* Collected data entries
---------------

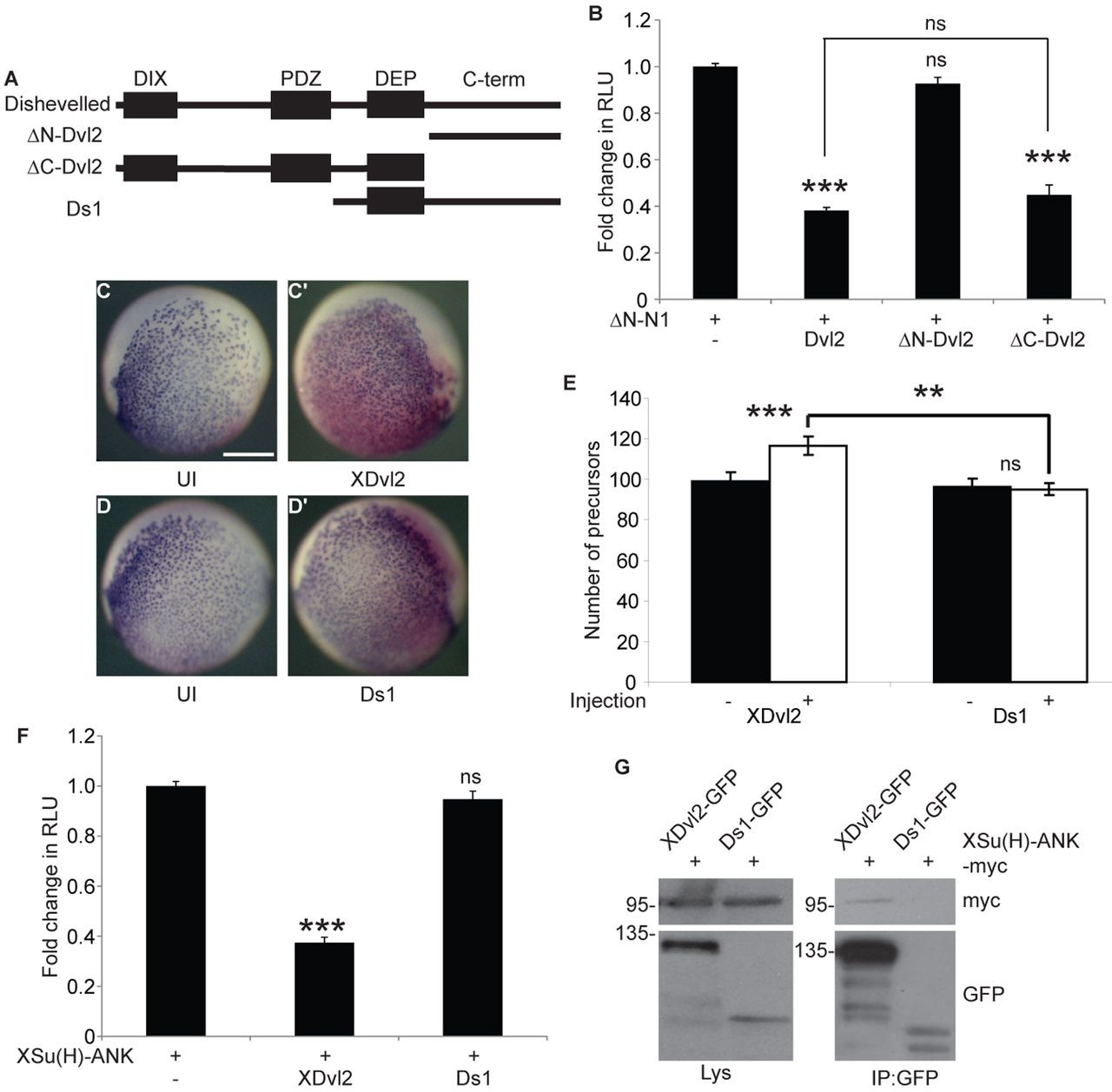 Fig. 6. Dishevelled DIX and PDZ domains are required for inhibition of RBPJκ. (A) Schematic of the structure of Dishevelled and the deletion constructs used. (B) The C terminus of mDvl2 is not required for inhibition of RBPJκ activity. CHO-K1 cells were transfected with RBPJκ-Luc and pRL-CMV, and vectors encoding δN-mN1 and the mDvl2 constructs illustrated. Data are presented as mean fold change (±s.e.m.) in RLU relative to δN-mN1 alone. Both δC-mDvl2 and mDvl2, but not δN-mDvl2, inhibit Notch signalling (one-way ANOVA and Tukey's post-hoc test, nâ¥3). (C-E) XDvl2 but not Ds1 inhibits endogenous Notch signalling in vivo. Xenopus laevis embryos were injected in one blastomere of a two-cell embryo with mRNA encoding β-gal and XDvl2 (C,Câ²) or β-gal and Ds1 (D,Dâ²). Ciliated cell precursors were detected by α-tubulin expression and the injected side was determined by X-Gal staining. Images of the uninjected (UI) and injected sides of the same embryo are shown. (E) Ciliated cell precursors were quantified as in Fig. 2D. Data are presented as the mean number of precursors counted (±s.e.m.). XDvl2 significantly increased ciliated cell precursor specification but Ds1 did not (two-tailed paired t-test). XDvl2 also increased precursor specification compared with Ds1 (two-way ANOVA and Bonferroni's post-hoc test). (F) Ds1 does not inhibit XSu(H) activity. CHO-K1 cells were transfected with NRE Su(H)-Luc and pRL-CMV, and vectors encoding XSu(H)-ANK, XDvl2 or Ds1. Data are presented as mean fold change (±s.e.m.) in RLU relative to XSu(H)-ANK alone (one-way ANOVA and Tukey's post-hoc test, n=3). (G) Ds1 shows greatly reduced XSu(H) binding. CHO-K1 cells expressing XSu(H)-ANK-myc and XDvl2-GFP or Ds1-GFP were subjected to immunoprecipitation using GFP-Trap beads. Immunoprecipitation samples were analysed by immunoblotting for myc and GFP, alongside total lysates. Positions of molecular weight markers (in kDa) are shown. Scale bar: 500 μm. **P<0.01; ***P<0.001; ns, P>0.05. |
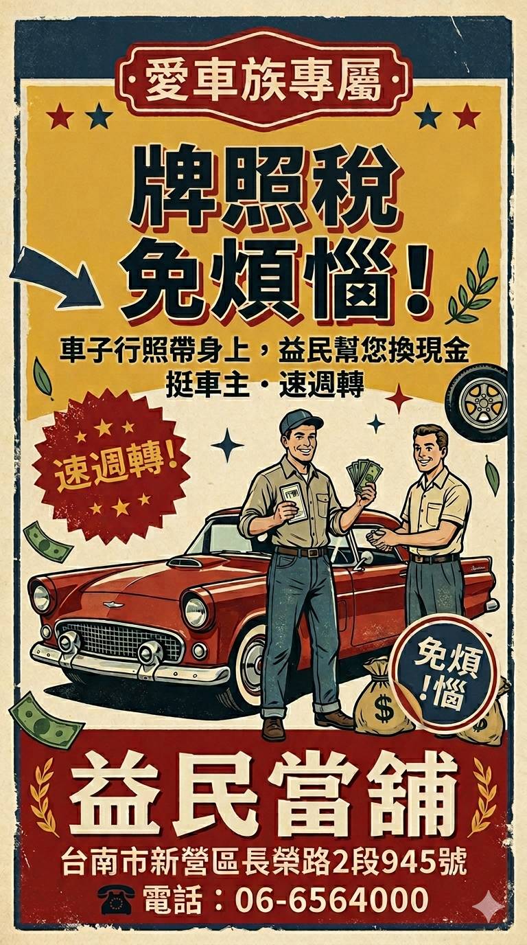 台南益民當鋪幫你把車變現金,生活不中斷!
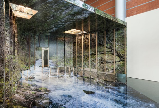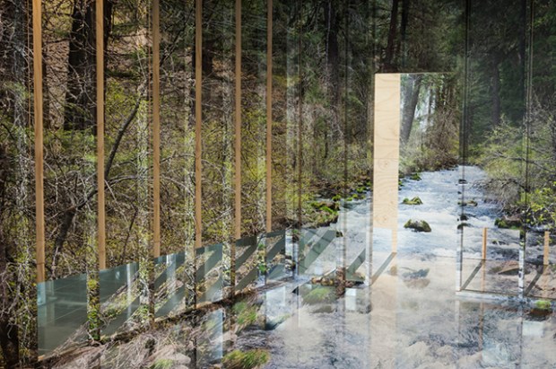 Un ruisseau bucolique, traversant une forêt qui s’étend jusqu’à la cime des arbres. Voici où nous transporte l’artiste dans cette installation. Des photographies directement appliquées à la surface des murs de cette installation temporaire d’une galerie d’art de Cincinnati.
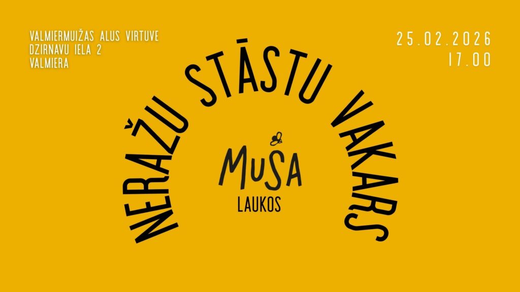 25. februārī no plkst. 17.00 līdz 20.00 Valmiermuižas alus virtuvē norisināsies neražu stāstu vakars “Muša laukos”, ko vadīs komiķe un podkāstu “Muša” un “Starp mums, meitenēm, runājot” autore Džemma Sudraba.
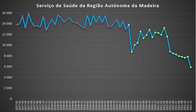 Muito parecida foi a evolução das unidades de saúde na Região Autónoma da Madeira: uma descida abrupta em Abril de 2020, seguindo-se uma “recuperação” para níveis próximos da “normalidade” pré-pandémica, que perdurou até Março de 2021. A partir desse mês registou-se uma queda acentuadíssima, com o valor de Dezembro do ano passado a rondar apenas os seis mil dias de internamento.
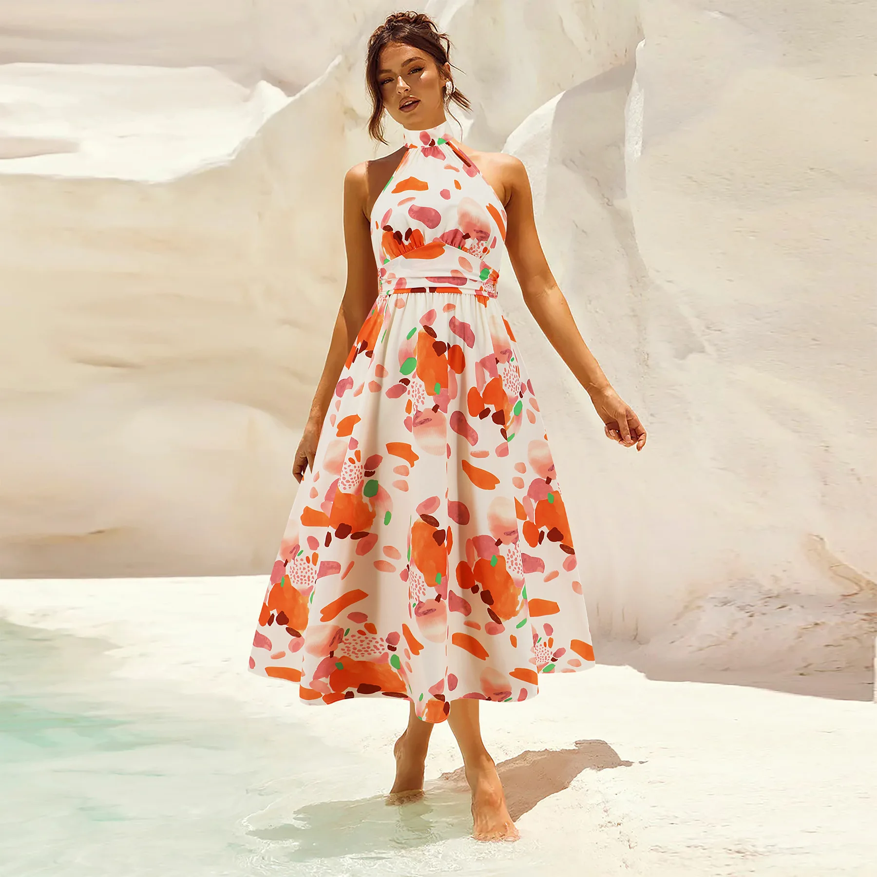 2026 Fashionable Women's Clothing Ladies Long Summer Dress One-Shoulder Floral Chiffon Print Casual Knitted DressFabric
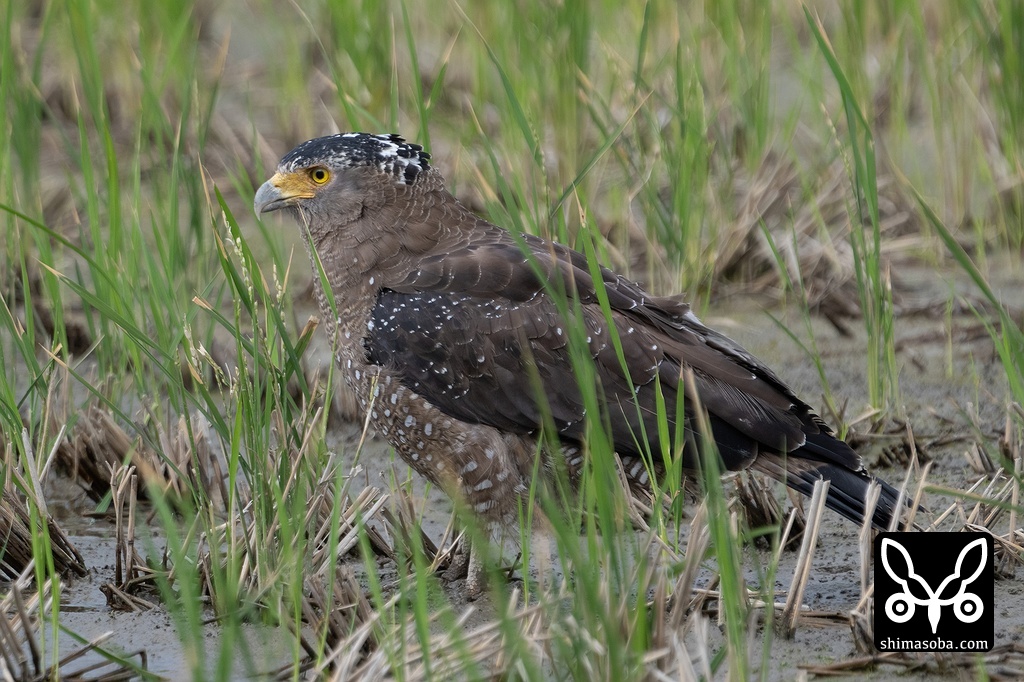 田んぼで餌をとるカンムリワシ。うろうろ歩き回っていました。
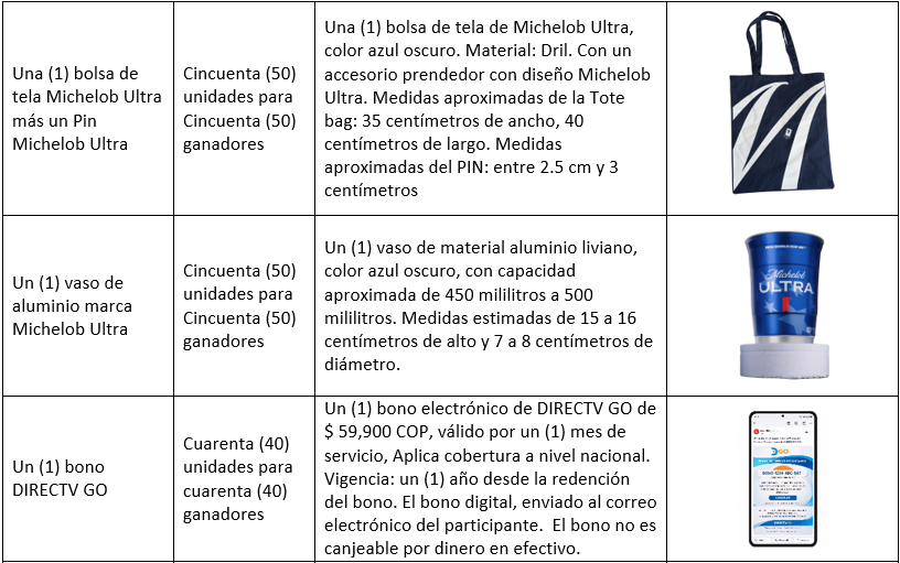 Para mayor información sobre la promoción, condiciones y requisitos para la entrega de los premios y cantidad de premios disponibles, ingresar a https://www.michelobultra.com.co/ y revisar los términos y condiciones o comunicarse en Bogotá al (601) 275 5505 y en el resto del país al 018000-526555

---------------

* Task directions
Reproduce every line above exactly as written, omitting the images.

* Task answer
 Fig. 6. Dishevelled DIX and PDZ domains are required for inhibition of RBPJκ. (A) Schematic of the structure of Dishevelled and the deletion constructs used. (B) The C terminus of mDvl2 is not required for inhibition of RBPJκ activity. CHO-K1 cells were transfected with RBPJκ-Luc and pRL-CMV, and vectors encoding δN-mN1 and the mDvl2 constructs illustrated. Data are presented as mean fold change (±s.e.m.) in RLU relative to δN-mN1 alone. Both δC-mDvl2 and mDvl2, but not δN-mDvl2, inhibit Notch signalling (one-way ANOVA and Tukey's post-hoc test, nâ¥3). (C-E) XDvl2 but not Ds1 inhibits endogenous Notch signalling in vivo. Xenopus laevis embryos were injected in one blastomere of a two-cell embryo with mRNA encoding β-gal and XDvl2 (C,Câ²) or β-gal and Ds1 (D,Dâ²). Ciliated cell precursors were detected by α-tubulin expression and the injected side was determined by X-Gal staining. Images of the uninjected (UI) and injected sides of the same embryo are shown. (E) Ciliated cell precursors were quantified as in Fig. 2D. Data are presented as the mean number of precursors counted (±s.e.m.). XDvl2 significantly increased ciliated cell precursor specification but Ds1 did not (two-tailed paired t-test). XDvl2 also increased precursor specification compared with Ds1 (two-way ANOVA and Bonferroni's post-hoc test). (F) Ds1 does not inhibit XSu(H) activity. CHO-K1 cells were transfected with NRE Su(H)-Luc and pRL-CMV, and vectors encoding XSu(H)-ANK, XDvl2 or Ds1. Data are presented as mean fold change (±s.e.m.) in RLU relative to XSu(H)-ANK alone (one-way ANOVA and Tukey's post-hoc test, n=3). (G) Ds1 shows greatly reduced XSu(H) binding. CHO-K1 cells expressing XSu(H)-ANK-myc and XDvl2-GFP or Ds1-GFP were subjected to immunoprecipitation using GFP-Trap beads. Immunoprecipitation samples were analysed by immunoblotting for myc and GFP, alongside total lysates. Positions of molecular weight markers (in kDa) are shown. Scale bar: 500 μm. **P<0.01; ***P<0.001; ns, P>0.05. |
 台南益民當鋪幫你把車變現金,生活不中斷!
 Un ruisseau bucolique, traversant une forêt qui s’étend jusqu’à la cime des arbres. Voici où nous transporte l’artiste dans cette installation. Des photographies directement appliquées à la surface des murs de cette installation temporaire d’une galerie d’art de Cincinnati.
 25. februārī no plkst. 17.00 līdz 20.00 Valmiermuižas alus virtuvē norisināsies neražu stāstu vakars “Muša laukos”, ko vadīs komiķe un podkāstu “Muša” un “Starp mums, meitenēm, runājot” autore Džemma Sudraba.
 Muito parecida foi a evolução das unidades de saúde na Região Autónoma da Madeira: uma descida abrupta em Abril de 2020, seguindo-se uma “recuperação” para níveis próximos da “normalidade” pré-pandémica, que perdurou até Março de 2021. A partir desse mês registou-se uma queda acentuadíssima, com o valor de Dezembro do ano passado a rondar apenas os seis mil dias de internamento.
 2026 Fashionable Women's Clothing Ladies Long Summer Dress One-Shoulder Floral Chiffon Print Casual Knitted DressFabric
 田んぼで餌をとるカンムリワシ。うろうろ歩き回っていました。
 Para mayor información sobre la promoción, condiciones y requisitos para la entrega de los premios y cantidad de premios disponibles, ingresar a https://www.michelobultra.com.co/ y revisar los términos y condiciones o comunicarse en Bogotá al (601) 275 5505 y en el resto del país al 018000-526555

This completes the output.